Olives are an iconic part of Mediterranean cuisine. And let’s be honest, food is a huge part of why we travel.
The marinated olives that come with a late afternoon drink in the sun, the extra virgin olive oil drizzled over your salad or pizza and the olive tapenade spread across crunchy crostini. It all instantly makes your mouth water and brings back warm memories of sunny holidays.
But did you know almost half of the world’s olives are grown in Spain? And the majority of those are produced in the southern region of Andalusia.
If we don’t do something about climate change that could come to an end.
How is climate change affecting olive production?
And that follows a winter with unusually low rainfall in places like Spain.
According to a study published this month in the journal Nature Geoscience, parts of Portugal and Spain are the driest they have been in a thousand years.
Olive plants can cope pretty well in hot and dry climates, but only to a certain extent. And the drought this year is proving too much for some groves.
"We are used to a lack of water, but not to this point," says Felipe Elvira, an olive farmer in Jaen, Andalusia.
“The region used to get 800 litres of rainfall per square metre, but is set to get around half that amount this year. Every year it's worse."
And even when it does rain, ground that has become dry and baked in the heat will struggle to soak up the water.
Will there be an olive shortage?
Felipe and his son have over 100 hectares of olive groves and, like many in the region, rely on them for their income.
Only around 18 to 20 hectares of their groves are irrigated. This is common among olive farmers as irrigation systems can be costly.
According to the COAG farmers' union only three out of 10 hectares of olive farmland in Spain are irrigated.
Areas that do have this in-built watering system have survived better, though the productivity levels are still hugely reduced.
According to another local olive farmer, Juan Carlos Hervás, the harvest from irrigated land this year will be just 50 to 60 per cent of the average.

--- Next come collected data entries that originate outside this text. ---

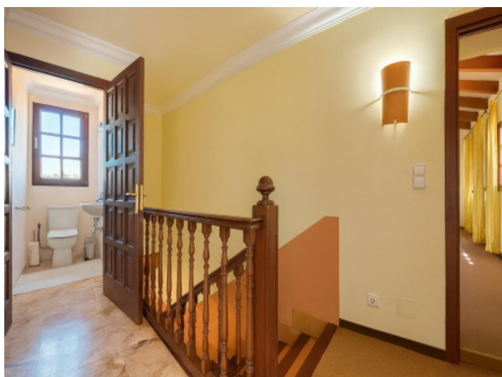
First floor landing with bathroom access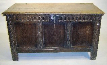
Lot # 308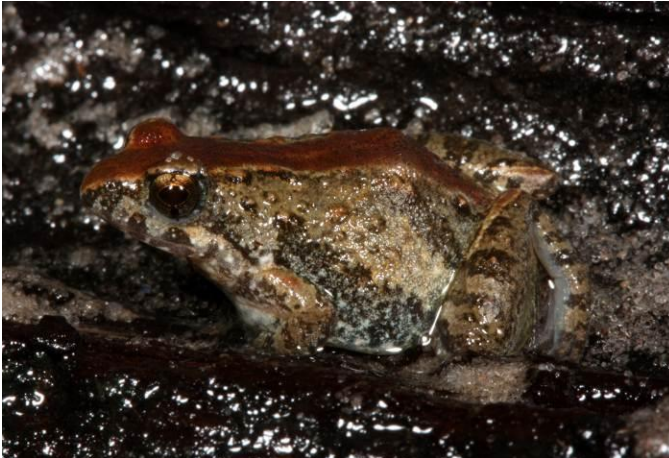
Unidentified Puddle Frog ( Phrynobatrachus sp.)

And in the much larger unirrigated areas, they expected a harvest of less than 20 per cent of the average from the past 5 years.
"Olive trees are very resistant to water scarcity," he says.

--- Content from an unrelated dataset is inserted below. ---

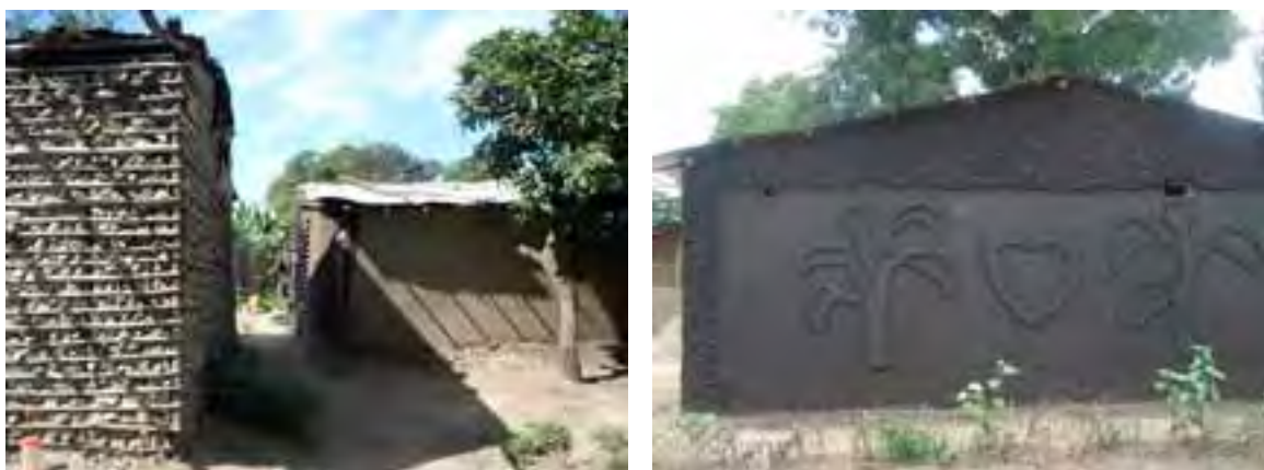
Fig. 4: Bare and plastered maticado houses (left); and decorated wall in earthen plaster 'matope' with corrugated zinc roof (right)

process of self transformation and rediscovery. This is the result of a set of changing factors, including: (a) growing modernised tastes, due to many foreign influences through history, urban migration, media and proximity to modern house models; (b) a general desire for 'Western-style progress' directly associated with the stigma traditionally equated with backwardness; (c) increased purchasing power to build costly modern houses and buy large modern items of furniture; (d) less time (and will) to collect natural materials and carry out traditional house maintenance due to changing lifestyles; (e) the scarcity of natural building materials in the city and their rising prices on the urban markets, together with the abundance of recycled or gradually more affordable industrial building materials; and (f) the fact that houses with right angles are easily built and are more adaptable to different building materials and technologies, (and to modern furniture) leading to the gradual replacement of the traditional circular maticado Mozambican house with a quadrangular or rectangular design (Bruschi et al. 2005, Raposo 1988, Verissimo 2010). However, this 'modernisation' is more obvious in Maputo than in the rest of the national cityscape, which is composed of medium and small cities where, according to fieldwork and statistical data, the prevailing built environment and skyline in the neighbourhoods apparently remains traditionally built and green (see Figure 4) (INE, 2007).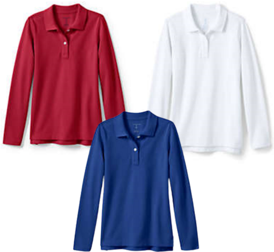
HOUSE COLOR POLO SHIRTS WITH LOGOS (SHORT OR LONG SLEEVED)

But when droughts become extreme, the trees "activate mechanisms to protect themselves. They don't die but no longer produce anything."

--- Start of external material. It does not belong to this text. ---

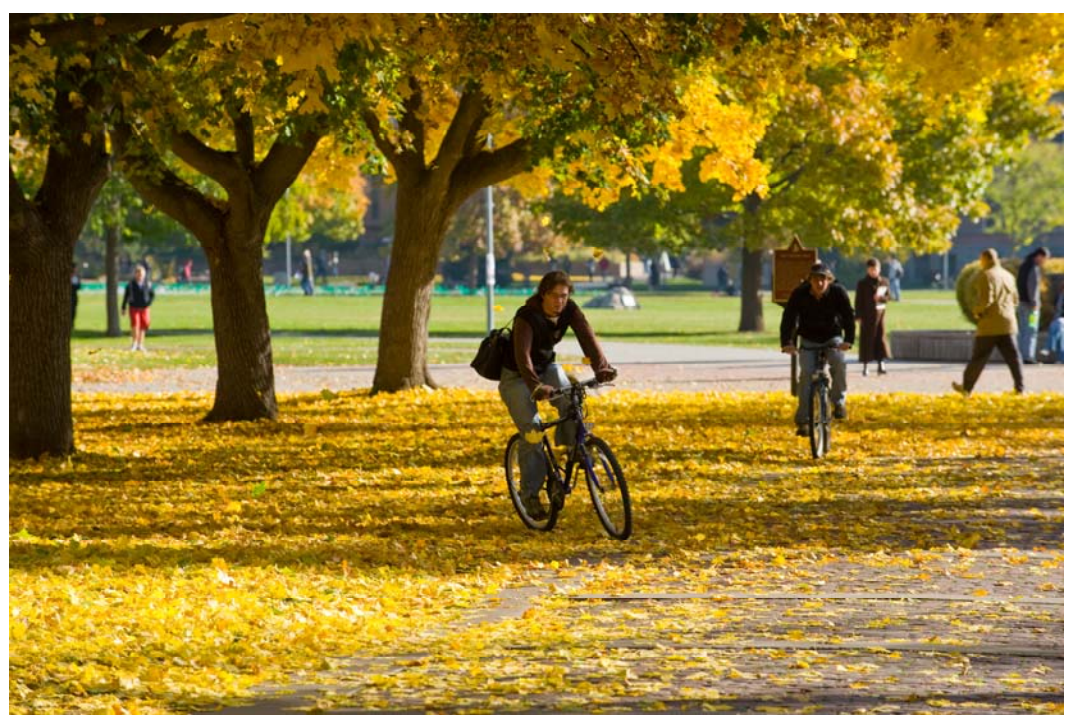
Students Riding Bikes on Campus

Some farmers may be tempted to start irrigating their plots, but this would deplete supplies at already stretched reservoirs even further.
"We can't exhaust resources, everyone needs water. Honestly, I don't know how we are going to manage," says Felipe Elvira.
One of the other options for farmers is to start picking the olive earlier before they ripen fully. This may increase yield, but it’s likely to reduce the quality of what arrives on your plate.
Why is olive production so important in Spain?
Olives are often described as Spain’s ‘green gold’. Annual exports of olive oil alone are worth around €3.6 billion.
Plus if you factor in all the tourists that visit Spain to experience the food and often take bottles of olive oil home with them, it’s a huge industry.
Olive trees cover many hillsides in southern Spain, which are often unsuitable for other crops and provide villages in the south with a source of income.
With the rise in temperatures, 80 per cent of Andalusia's unirrigated olive tree plantations may become unsuitable to grow olives.
"Many villages here depend entirely on olive trees. Without olives, there is no more revenue," says Hervas.